— Как же это так, не возьму в толк… — удивленно протянул шофер. И действительно, такое сообщение могло привести в замешательство кого угодно.
— А вот так… Как потерял их в сорок первом, так до позавчерашнего дня считал, что нет их у меня, что остался я один как перст… А позавчера дознался, что и родители есть, и брат, и сестра… И что вообще я…
— Загадки загадываешь, друг! Сам черт у тебя не разберется.
— Я и сам не разобрался — столько людей в моей жизни объявилось за эти дни.
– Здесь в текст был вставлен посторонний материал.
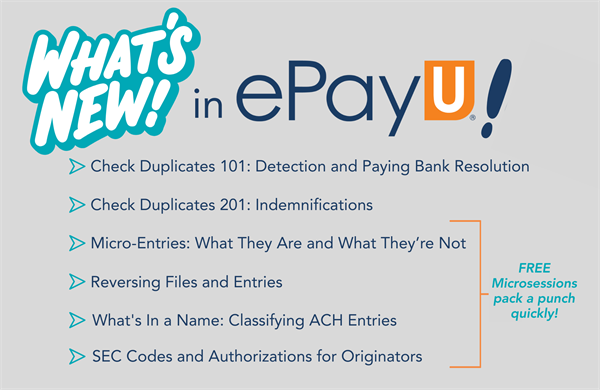 ePayResources' financial institution members have access to over 90 FREE payments courses in ePayU, our online learning platform. An additional 30+ courses of Premium Content are also available for a nominal charge. This benefit is available to any employee of your institution!
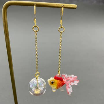 Asymmetric Red Goldfish Dagnle Earrings
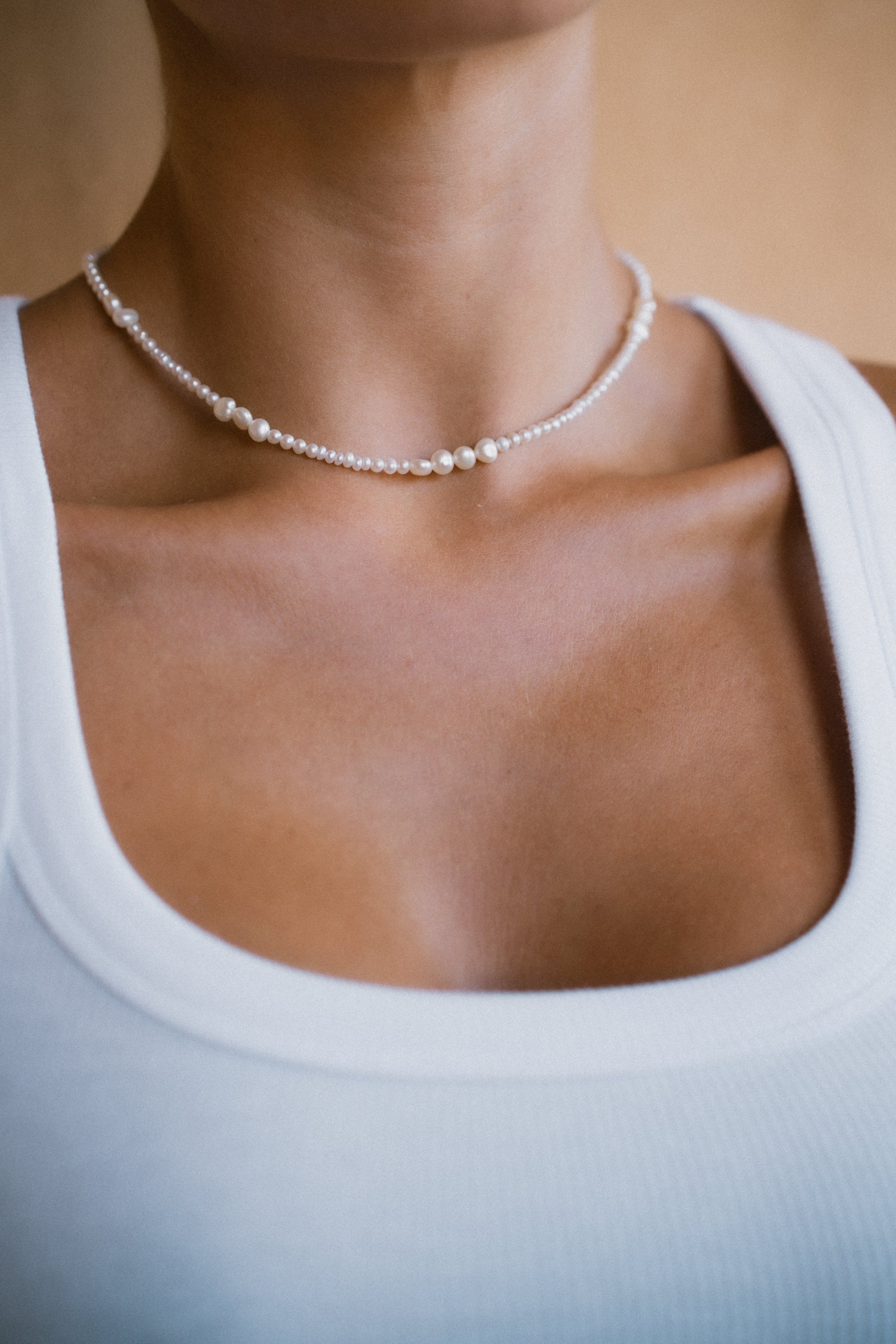 Handgefertigte Kette aus hochwertigen Süßwasserperlen.
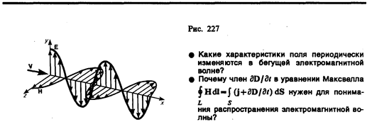 где с = В вакууме (при e =1 и m =l) скорость распространения электромагнитных волн совпадает со скоростью с. Так как em > 1, то скорость распространения электромагнитных воли в веществе всегда меньше, чем в вакууме. При вычислении скорости распространения электромагнитного поля по формуле (162.3) получается результат, достаточно хорошо совпадающий с экспериментальными данными, если учитывать зависимость e и m от частоты. Совпадение же размерного коэффициента в (162.3) со скоростью распространения света в вакууме указывает на глубокую связь между электромагнитными и оптическими явлениями, позволившую Максвеллу создать электромагнитную теорию света, согласно которой свет представляет собой электромагнитные волны. Следствием теории Максвелла является поперечность электромагнитных волн: векторы Е и Н напряженностей электрического и магнитного полей волны взаимно перпендикулярны (на рис. 227 показана моментальная «фотография» плоской электромагнитной волны) и лежат в плоскости, перпендикулярной вектору v скорости распространения волны, причем векторы Е, Н и v образуют правовинтовую систему. Из уравнений Максвелла следует также, что в электромагнитной волне векторы Е и Н всегда колеблются в одинаковых фазах (см. рис. 227), причем мгновенные значения Е и Н в любой точке связаны соотношением
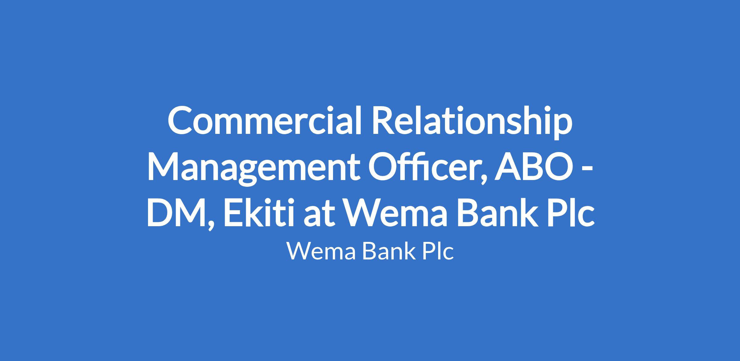Commercial Relationship Management Officer, ABO - DM, Ekiti at Wema Bank Plc
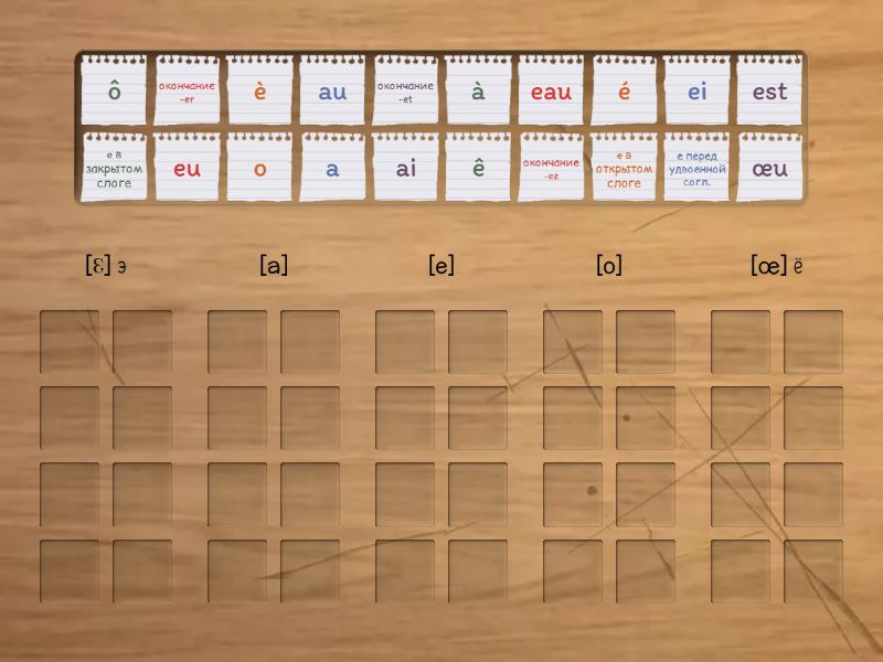 [ℇ] э: ai, ei, est, è, ê, e в закрытом слоге, е перед удвоенной согл., окончание -et, [a]: a, à, [e]: é, окончание -er, окончание -ez, [o]: o, ô, au, eau, [œ] ё: eu, œu, e в открытом слоге,
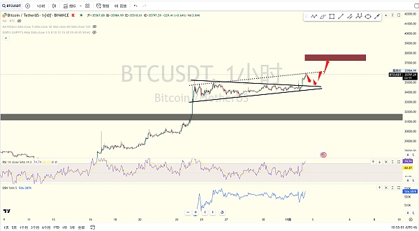 BTC比特币是一个三角转通道的突破,目前也已经到通道上沿,暂时不好追多。回踩35000-34700可以考虑回补多头仓位。
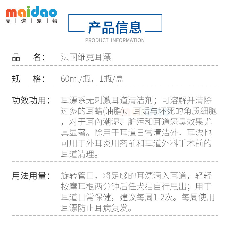 Vicker Pets Wash Ear Salt 60ml Ear Drop Ear Drop Cat Dog Pulli Skin Spirit
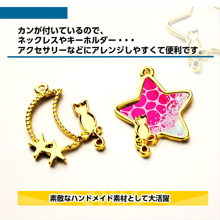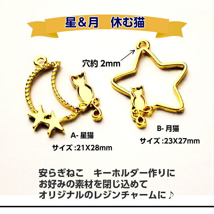 商品名レジン 枠 レジン空枠 レジンフレーム星&月 休む猫 数 量 1個 レジン 枠 レジン空枠 星&月 休む猫 サイズ:星猫 21X28mm 月猫 23X27mm 穴約2mm 1個入り カラー ゴールド 素材 合金 ※多少の誤差がある場合がございます。
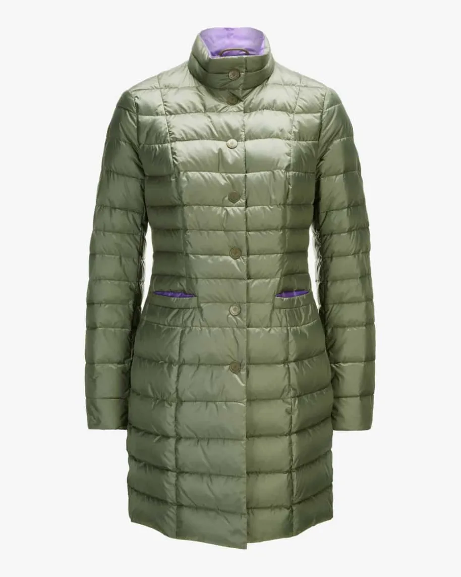 Babette Mantel für Damen von Habsburg in Oliv. Das Modell begeistert dank desStepp-Musters als zeitloser Übergangs-Favorit, während die Wattierung Schutz vorKälte bietet.
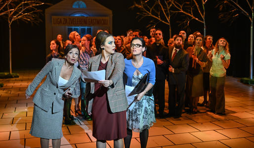 Roli Sukie s Radkou Coufalovou z původního castu nově nastudovala Andrea Zelová, o roli Alexandry se podělila někdejší Ivana Vaňková se Svetlanou Janotovou a postavu Jane s původně obsazenou Johanou Gazdíkovou hraje novicka Tereza Navrátilová. Coufalová strhne publikum k otevřenému potlesku v perfektně udělaném songu Words, words, words, který je vlastně bravurně zazpívanou ekvilibristickou a pěveckým žonglováním se slovy. Nebylo by fér porovnávat původní obsazením s tím novým. Faktem ale je, že ono „starší trio“ v muzikálu hraje zejména o ženách středního věku, které jsou schopné a umí najít ztracené sebevědomí, stejně jako nakažlivou a bezuzdnou vášeň k životu a jeho pozemským, tělesným radostem. Mladší trojice zase kouzelně v muzikálu traktuje ono hořlavé téma: mladá žena bez sebejistoty, vědomá si životních traumat a trablů lehce, vyhladověle vzplane v kontaktu s charismatickým mužem, u kterého o věk zas až tolik nejde. Viděl jsem obě verze a bavilo mne pozorovat onen naznačený rozdíl ve výkladu, v tom jak herečky ze svých interpretací vyplavují témata blízká jejich reálnému věku. Pěvecká bravura samozřejmě nechybí žádné z nich.

— Так ты расскажи, браток, — надеясь услышать что-то необыкновенное, без всяких уловок, простодушно попросил шофер. — Ты же словно второй раз на свет родился.
— Пожалуй, что так…
— Закури, — предложил шофер, быстро одной рукой привычно управляясь с коробком спичек и папиросами, — как по рельсам слова покатятся…
— Спасибо. Не курю.
Солдат долгим взглядом окинул белую, всю в снегу дорогу, бегущую за стеклом, низкое, ясное от мороза небо и вздохнул.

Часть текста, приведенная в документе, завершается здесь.